I have a device that needs calibration, and gathers data over some time. In the end, the data used for calibration will be the interpolation of all the gathered data. To do so, I simply wanted to make an average of all the data: However I'm not sure which strategy would be more adapted to the situation:

Doing an average of all the gathered data at the end

Or: Making an average of the last data and the next one, and then keep the result as the last data.

The second method would obviously save some space, but in terms of outcome, I'm honestly not too sure where the difference lies.

Let's say I have a car driving the same race a hundred times. What trajectory would I get by using the first method, what trajectory would I get by using the second one?
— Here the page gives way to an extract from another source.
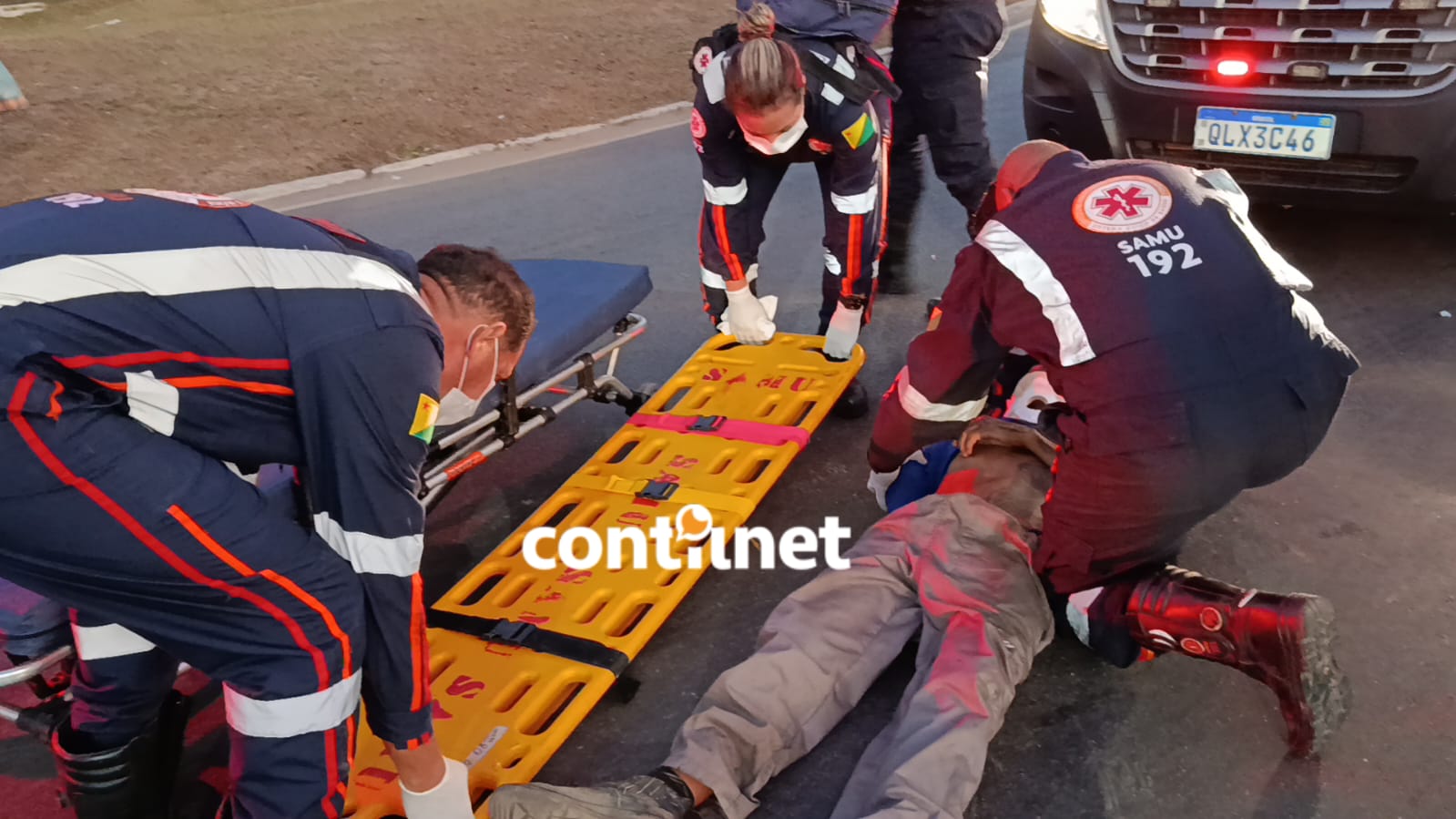 Equipe do Samu presta os primeiros socorros ao adolescente, vítima de atropelamento na tarde desta segunda-feira/Foto: ContilNet

This has nothing to do with my problem, but I think I might understand better which method to use if I knew the answer to this. Let's clarify this example first, though. Imagine the trajectory of my car was plotted by an array of (x;y) coordinates. After having let my car run 4 times, I will thus obtain 4 different sets of coordinates. I now want to interpolate these coordinates to make the best possible estimate on an average set of coordinates representing the trajectory the car would take if the deviation from its path would be 0. What result would both of the methods above produce? (Namely: 1. For each coordinate in all of the sets, create a new coordinate that is (x-average; y-average) 2. For the first two coordinates, create a coordinate A((x0+x1)/2;(y0+y1)/2), then a coordinate B((xA+x2)/2;(yA+y2)/2), etc.

Thanks!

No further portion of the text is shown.